I am, because You are, which means that We will be.


----------



## j d worthington (May 11, 2007)

Chupacobra said:


> Consciousness is an intrinsic part of the Universe. One could not exist without the other. There are no gods. People only worship that which they unknowingly know that they can be. You/We are the Universe. There is a direct line going backwards from each and everyone of us to the beginning of this Universe, and it goes forwards from here.
> 
> I am, because You are, which means that We will be.


 
There's a major flaw in your construction here: while it is true that consciousness (at least what we call consciousness) cannot exist without the universe (it needs a physical plane in order to produce the electrobiochemical processes that we call thought), the universe can exist just fine without consciousness -- specifically us. We came into the universe 14+ billion years after it began to take form -- even the oldest living organisms, single-celled, are extremely recent phenoemena compared to the existence of the universe. We are an incredibly tiny and unimportant (save to ourselves) element within a whole so vast that we aren't really sure how vast it is... at least several million (or billion) light years, at any rate. And the chances are very much in favor of our being long-extinct before the universe experiences its final stages of "heat-death". So we are scarcely even a microscopic blip on the screen.

As for gods -- no, they don't exist. They are a construct we invented to fill in the gaps in our knowledge of how the laws of physical reality worked at a time when our experience (and instrumentation to aid in our observation) of the universe were extremely limited. The more we learn of the reality of it all, the less need there is for gods. As for this identification of us (our consciousness) with the universe, and any final destination... that's called a teleological fallacy -- the idea that there is a purposeful development or design toward which the universe evolves... something for which there is no evidence in favor of, and plenty against.

As for there being a direct line... well, in a manner of speaking, yes. But that is a certain branch of determinism, and must be modified with reference to quantum mechanics and chaos theory (not to mention other aspects of modern physics)... and so is true only in the sense that we have resulted from the workings of the laws of the physical universe, nothing more. It does not give us any importance in the universe as a whole -- far from it. It simply means that we, like the dinosaurs, the great apes, the sea turtles, and blades of grass (and pebbles, and stars, and gas clouds, etc.) are the result of the workings of the properties of physical entity. But our part in the universe as a whole is so negligible (after all, there are huge portions of the universe we've not even seen yet, and only know through certain effects or inference based upon such effects) that to equate us or our consciousness with the universe is, frankly, completely off the beam....


----------



## mosaix (May 11, 2007)

The Universe got on quite well for billions of years before we came along, and will get on quite well for billions of years after we are gone.

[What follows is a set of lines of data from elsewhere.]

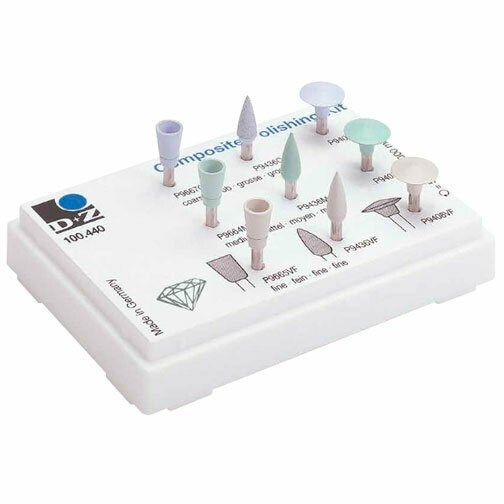 Набор алмазных боров для полировки композитов от D+Z используется для эстетической реставрации и протезирования. Девять разных по форме и размеру боров позволяют максимально быстро и качественно прошлифовать и отполировать разные участки пломб или ортопедических конструкций.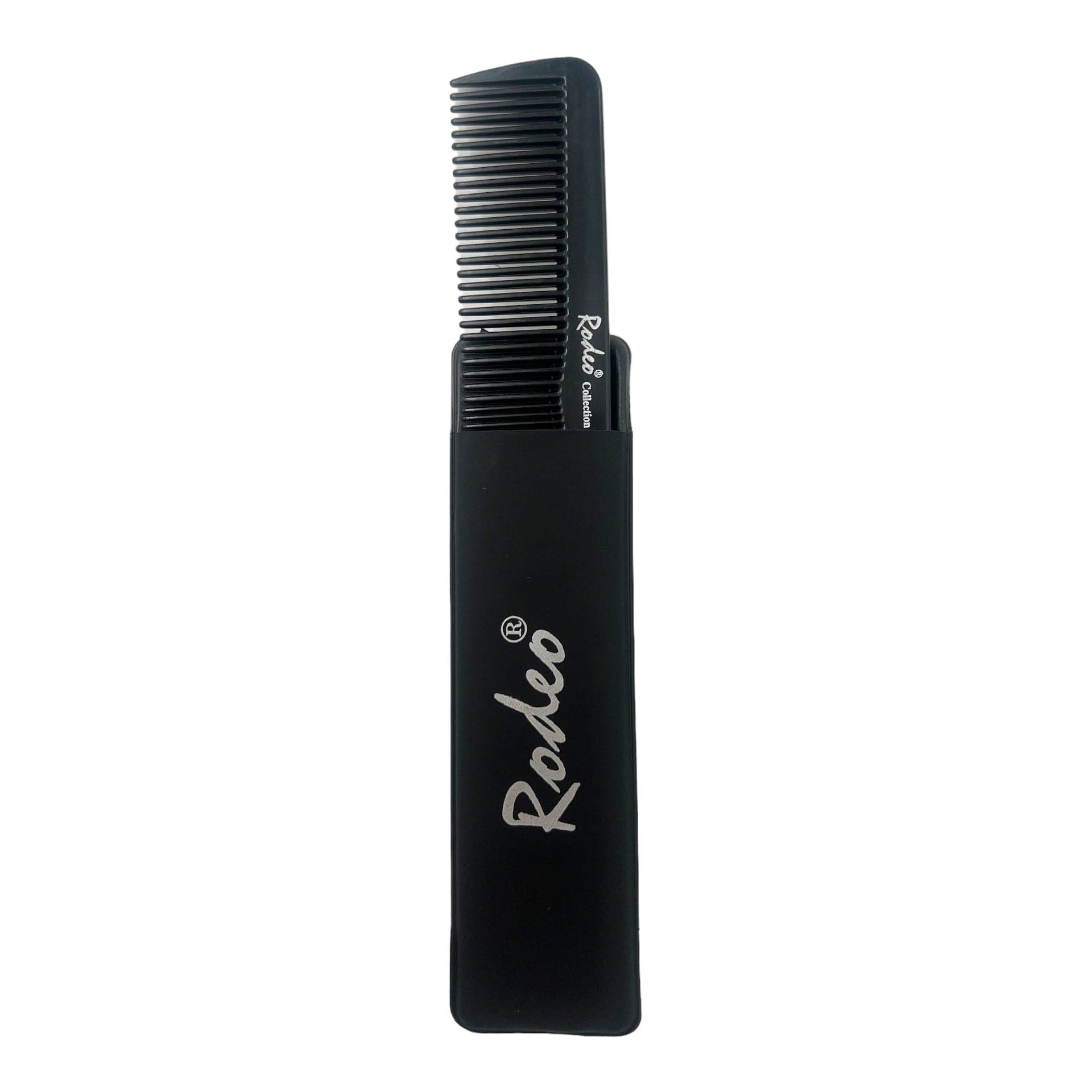 The Rodeo - Moustache & Beard Comb With Case is expertly crafted for the gentleman who takes his grooming seriously, offering precision and durability in a convenient, portable format. Meticulously crafted from high-quality anti-static carbon, this comb is designed to resist heat and breakage, ensuring long-lasting performance. Its fine-tooth structure is ideal for the detailed grooming of both moustaches and beards, gliding through hair for smooth, frizz-free results. The anti-static properties help prevent hair electrification, ensuring a neat and polished appearance at all times.
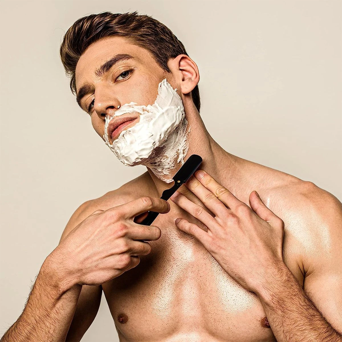 Good quality of fabric but cheap We provide good quality products at affordable prices. Worth your purchase. Premium Quality Each blade is individually wax paper wrapped, that will outlast through many shaves. The professional quality Razor can be used both at home and in barbershops. Smooth Grip It features a flip-able blade cover with a comfortable metal grip, allowing easy maneuvering and a close shave. Start with gentle strokes and slowly work your way around to keep a steady motion and pressure. Durable The black matte finish over the stainless steel body helps deter rust for long-lasting performance. Hence, this razor provides a perfect shaving experience. Ergonomic Design A classically styled straight edge barber razor made of brass with a chrome finish offering a reliable and silken shave every time Safety Tips- For Safe Usage At All Times, Make Sure That The Blade Is Locked Securely Within The Safety walls and the cap is in place. Be sure to gently squeeze the protection cap before closing it to ensure a tight and secure grip. If the walls become loose with time, push them with a small amount of pressure when placing the blade and lock the cap. Specifications: - 4 colors: silver /black / gold / colorful - Elite Style - Swing lock blade insert, razor is exposed 25% higher designed for smooth shaving experience. - Medium weight razor, Comfortable strong grip handle, Handmade for best performance. - If there is any problem or you are unsatisfied with our products , just contact us and our service team will solve your problem within 24hours, we support new replacement without any fee. What's in the box 1x Razor set |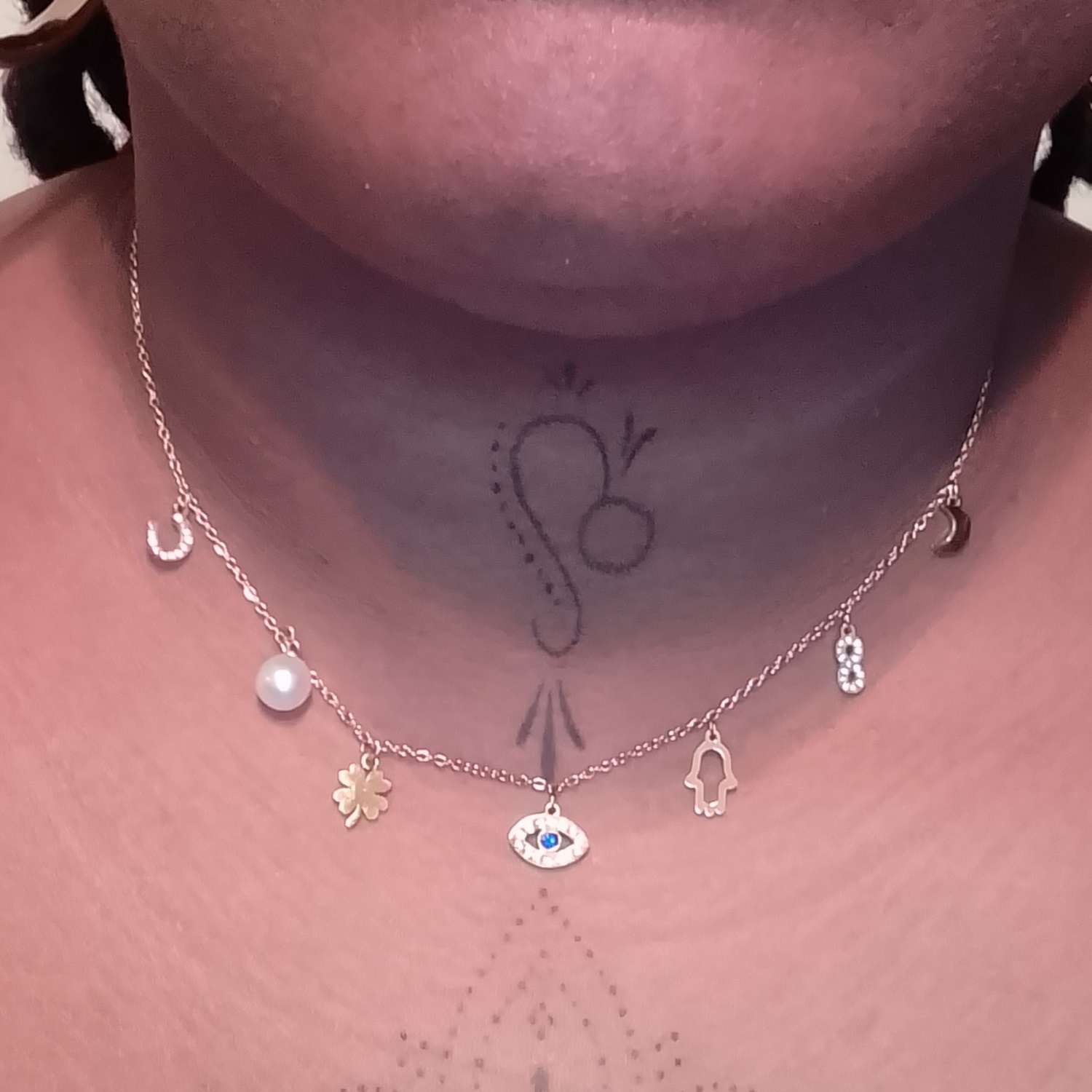Collier composé d'une chaîne avec pendants croissant de lune, d'une main de fatma et d'un trèfle à quatre feuilles en acier doré, de pendants symboles infini et fer à cheval pavés de strass, d'un œil de Turquie pavé de strass et serti d'un cristal bleu et d'une perle d'imitation.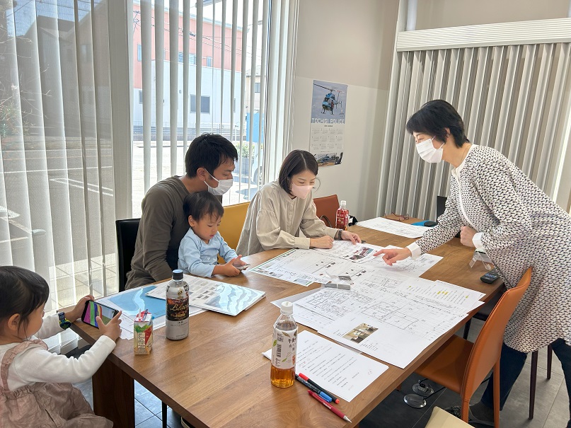 家具の打合せで盛り上がった場面です(^^♪  帰りに予約見学会の現場にも寄って頂きありがとうございました。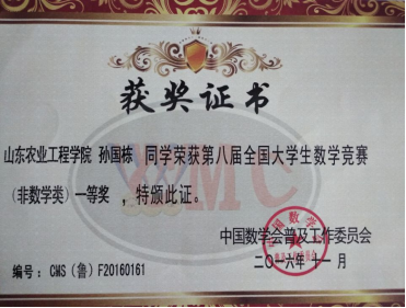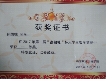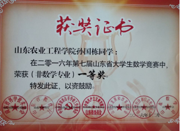大一大二27门必修课,平均分94.2,全专业排名第一,综合测评全班第一。2016年获省励志奖学金,2017年获省政府奖学金、山工院一等奖学金。2016年接连通过英语四级、六级,2016年过计算机二级、2017年过三级,2018年一次性通过教师资格证笔试、面试。数学、英语、数学建模,省赛国赛屡次获奖。并被评为“优秀团员干部”“优秀学生”等荣誉称号。

We are insignificant and matter not a jot. 

Consciousness is just part of what the brain does.


----------



## chrispenycate (May 11, 2007)

Ah, but if both time travel and free will are possible, ultimately  the consciousness that develops from all sentience living now, or approaching in the future will reach back in time; no problem of "time lag" over the intervening light years, thoughts from more distant components will be moved back in time until they are in synchronisation with each other, simultaneity being an unnecessary concept in this case. Ultimately, it will contact the original big bang, and be capable of affecting events to guarantee its own genesis, thus making itself inevitable.
This consciousness now exists as a standing wave on the space-time continuum, from ultimate future to earliest past, and exists and acts only to guarantee its own coming into being: god, yes, but a totally selfish god that, on a billion worlds speaks out from burning bushes and starts wars and creates supernovae so that it will come into existence to do all these things. 
While a certain attention to avoid the extinction of one promising species may appear benevolent, who knows?
Their function may merely be to create electronic sentience or cosset cats, and, function fulfilled, they may be junked or left to moulder on evolution's junk heap with the coelacanths and tree-ferns.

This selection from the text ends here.